Angelina’s grandfather was in the gulag in the early days. He was a Ukrainian convicted in the 1930s, during the wave of collectivization that submerged Father Dmitry’s family along with millions of others. He was released after the war but not given permission to return home. His daughter – Angelina’s mother – came to join him, aged just sixteen, in 1946 and ended up marrying a Latvian and staying in the north.
‘They always wanted to leave but stayed. It’s hard to leave when your house is here, your children. They say that it was fun at first because there were so many young people, so many intellectuals. It’s not like that now of course,’ she said.

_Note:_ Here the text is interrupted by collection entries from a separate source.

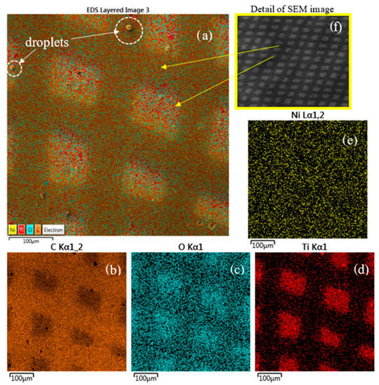The circular structures located on the surface of the deposited COC and marked by dashed white color are a doplets phase of Ti emitted from the laser plume and deposited on the surface. A detailed SEM image of the pattern with a wide field of 4.77 mm and 44 X magnification is shown in Figure 8e for a better visualization of the pattern displayed in the SEM-EDX (see Figure 8a–e).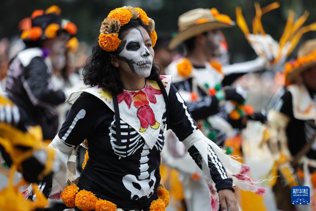 11月1日,在墨西哥首都墨西哥城,演員參加亡靈節游行。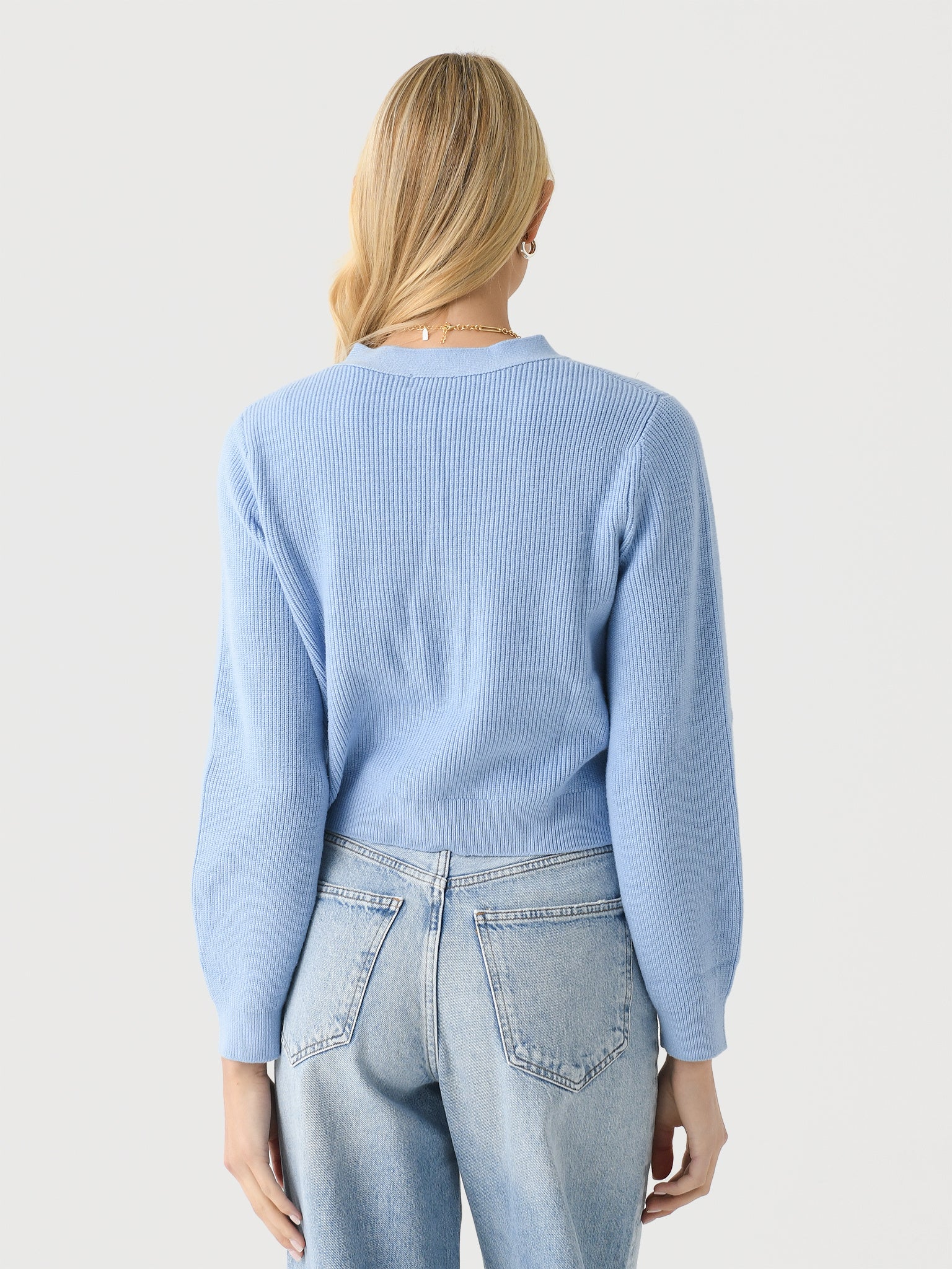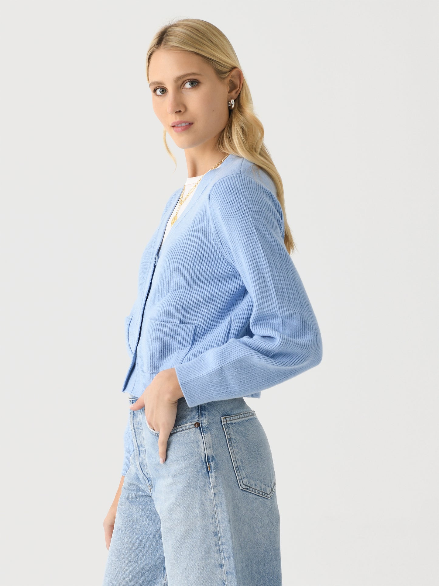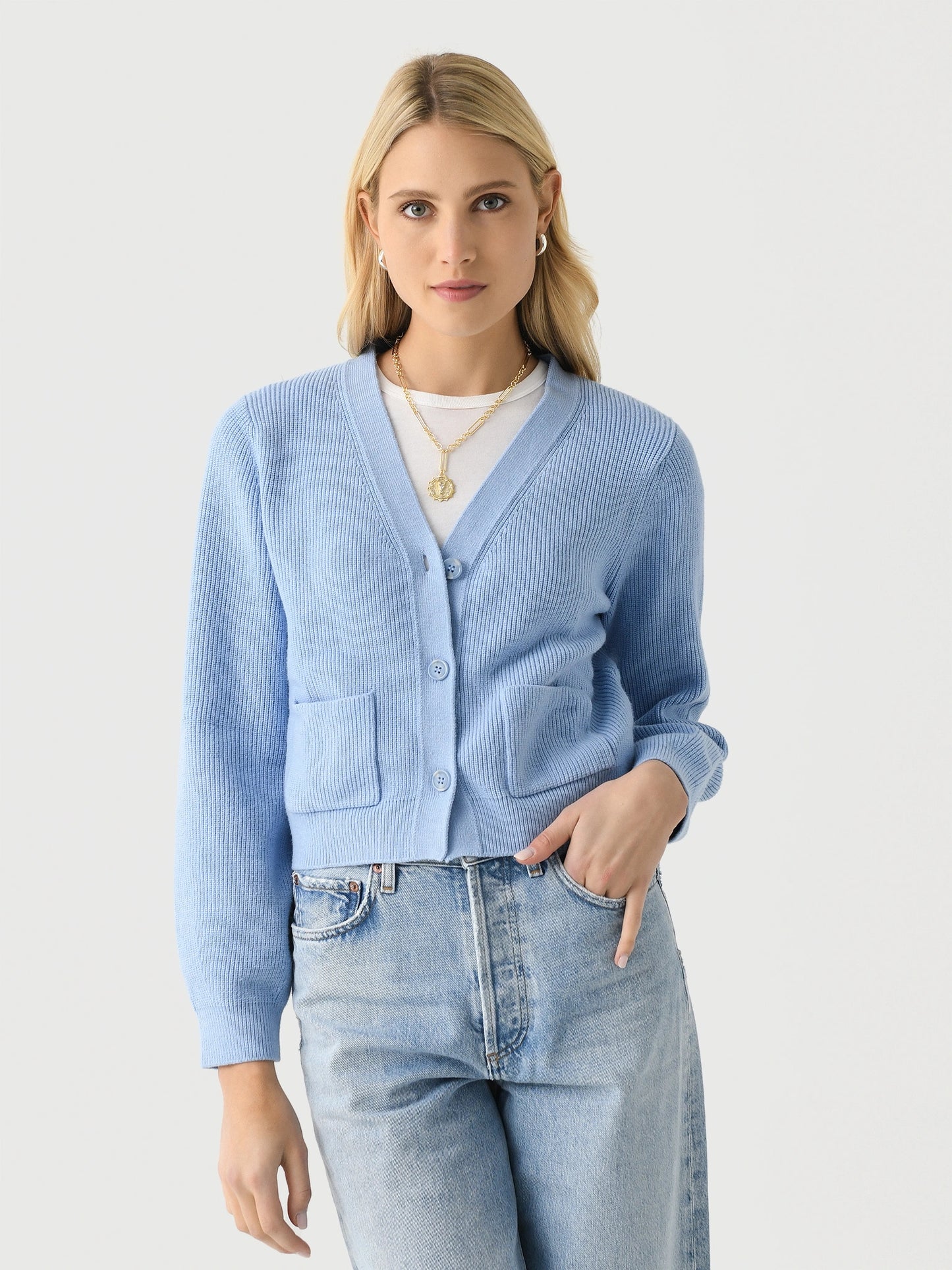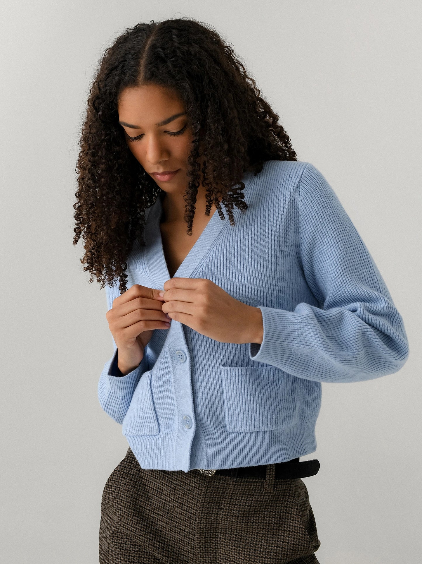 A slightly cropped cardigan made from soft ribbed knit fabric and finished with patch pockets.

Angelina switched back to Russian to include her daughter, Olya, and the others and for a long time they all discussed life in the north. They were relatively well off, but Olya and her husband had stopped at just one child.
‘A two-room flat costs 2.5 million roubles,’ she said. I did a quick calculation in my head. That is around £50,000. ‘And a new-build is even more. How can you afford to have a second child? This is the problem. We would need more living space before thinking about another child.’

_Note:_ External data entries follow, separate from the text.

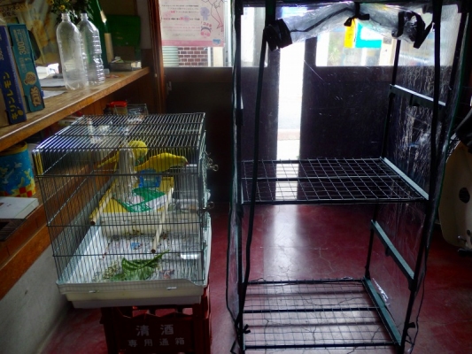 ケージはホーエイの465です。ホームセンターとネットで鑑賞用の花に使う簡易ビニールハウスを利用しています。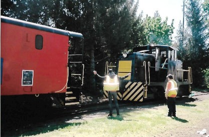 SMRS 44 ton switcher 75 (nee Western Maryland 45) switching at the small yard and coupling up to the caboose in readiness for our trip.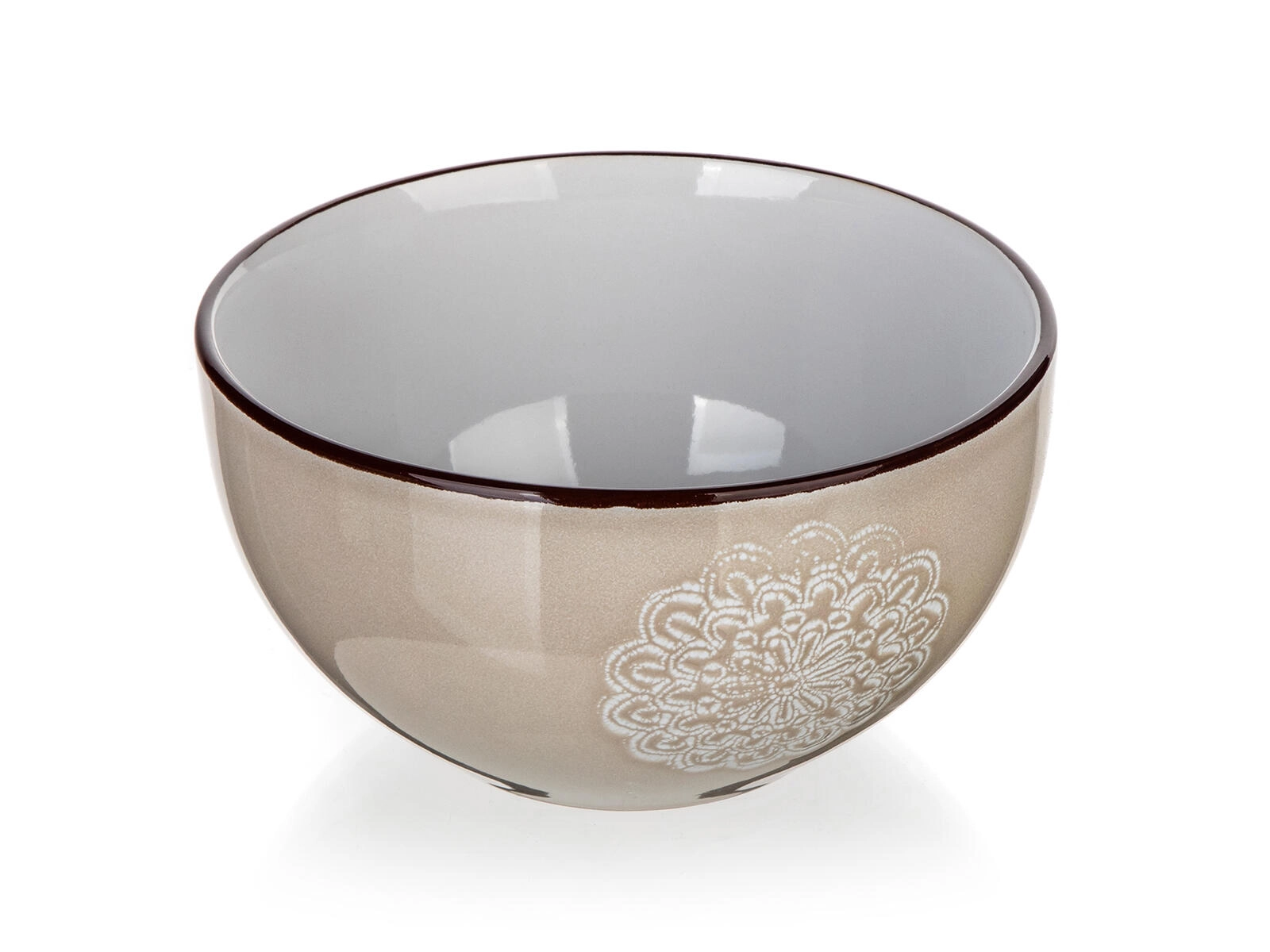 Stilren keramisk skål SHAPE med en diameter på 14,3 cm i elegant cremefarve med diskret blondedekor. Takket være den holdbare glasur er den let at rengøre, tåler opvaskemaskine og mikrobølgeovn og er perfekt til morgenmad, supper og desserter.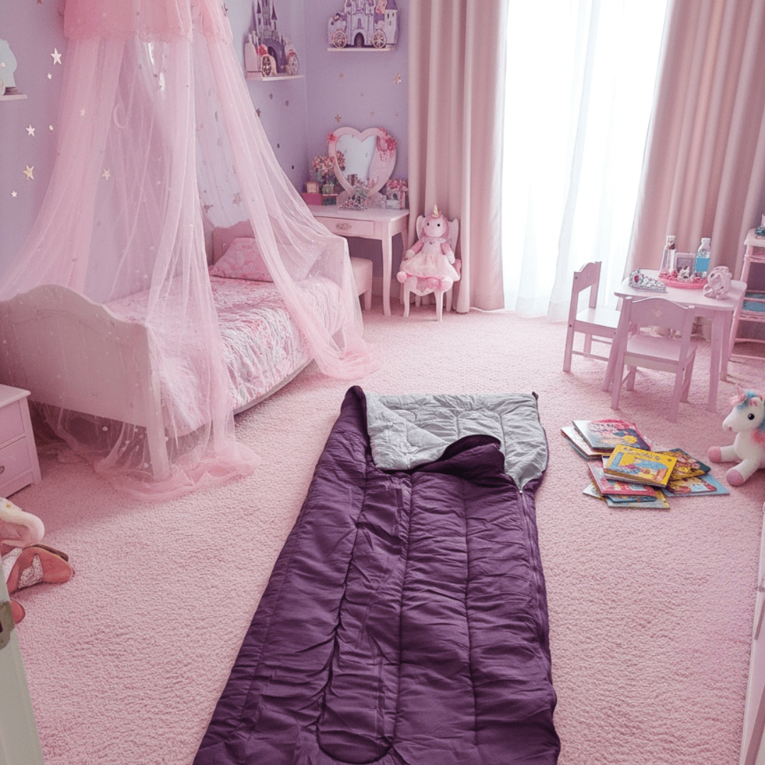 Praktična i udobna vreća za spavanje namijenjena djeci, dimenzija 70 x 170 cm. Izrađena je u kombinaciji ljubičaste i sive boje, što joj daje moderan i neutralan izgled. Vreća ima dvostranu funkciju – može se koristiti kao klasična vreća za spavanje ili rasklopljena kao pokrivač.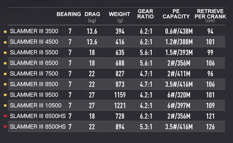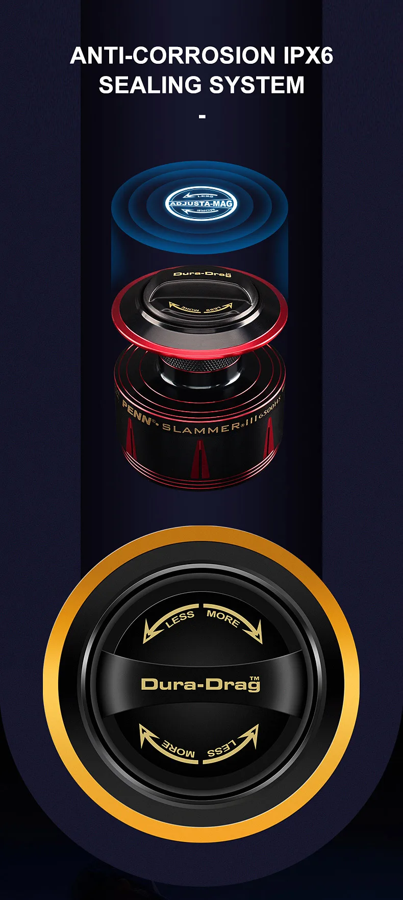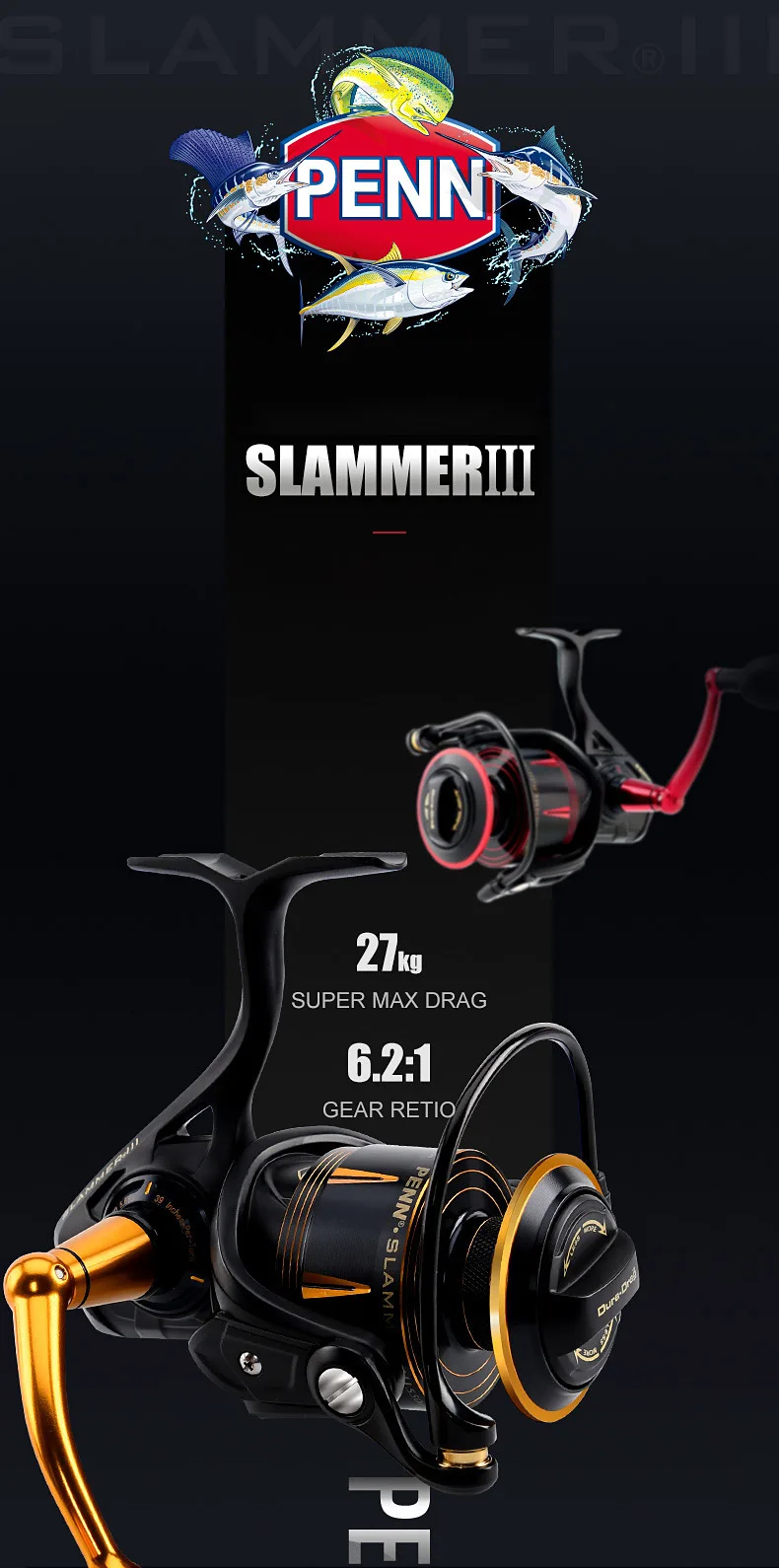 El PENN Slammer III está de vuelta por demanda popular. Construido para la pesca pesada, ya sea desde barco o tierra, y la confianza de los capitanes charter de todo el mundo. Los carretes Slammer III cuentan con nuestro nuevo sistema sellado IPX6 que mantiene el agua fuera de la caja de cambios y el sistema de arrastre. También estamos utilizando nuestro sistema Slammer Drag actualizado que ahora utiliza nuestro material Dura-Drag patentado.

Angelina moved on to an account of a holiday she had taken in Jerusalem, with side pilgrimages to the Holy Places in Bethlehem and Nazareth. Olya was not listening, however. She was still mulling over living standards for young families.
‘You are lucky to have been born in Britain,’ she whispered while her mother was talking, so only I could hear.
Up in my bunk I lay on my side, with my hand under my head, and watched the forest rattle by. As the trees receded into the distance, the partition one and a half metres away, against which Andrei was sleeping, seemed to rush towards me at astonishing speed. It made me feel a bit sick so I rolled on to my front to look out directly into the trees. The snow closed off any view beyond the first or second trunk. Every branch was laden with snow. Every twig was laden with snow. Every crosspiece on every telegraph pole was laden with snow. The tops of the poles wore a little white wig. The houses in the abandoned villages were huddled under the weight on their roofs, their windows dark and their paths uncleared. Their fences were just a few inches of black spike sticking out of the drifts, and the mammals that had left loping tracks on the snow’s crust passed over them as if they were not there. The branches of birch trees sloped up, and the branches of fir trees sloped down.
I put in the earphones of my iPod and listened to the memoirs of Keith Richards, guitarist of the Rolling Stones, which I had brought for just such a long journey as this one. With my blanket tucked around my ears, and the snow glistening outside, I drifted off to sleep while he was driving through Morocco and getting stoned with Anita Pallenberg in the sunshine.
The whole of the next day I was on the train. Without the little kilometre markers of concrete and metal to look at – they were covered in snow – the main objects of interest were the occasional station buildings which we hurtled past without stopping. The station managers – women in their late teens, mostly, swaddled in furs like fresh-faced beavers – stood outside the buildings holding up little white lollipops of plastic. Otherwise, there was forest. When night fell it looked like a negative photograph. The sky was black, and the trees were white.
The next morning a sudden worry I had missed my stop jerked me awake. I had a crick in my right shoulder and winced as I craned around to look out the window. The sun was a pure yellow, like a lemon pip, rising above the bleakest landscape and sending delicate fingers towards us, reaching between the blue shadows and under the sky. Beyond the sun were the pale lumps of the Ural Mountains. Nearer, the snow was sculpted into smooth shapes by the wind. We passed through the village of Ugolny – Coal Town – without stopping. It was all ruins, with no people and no tracks except those of a mammal of some kind, perhaps a fox.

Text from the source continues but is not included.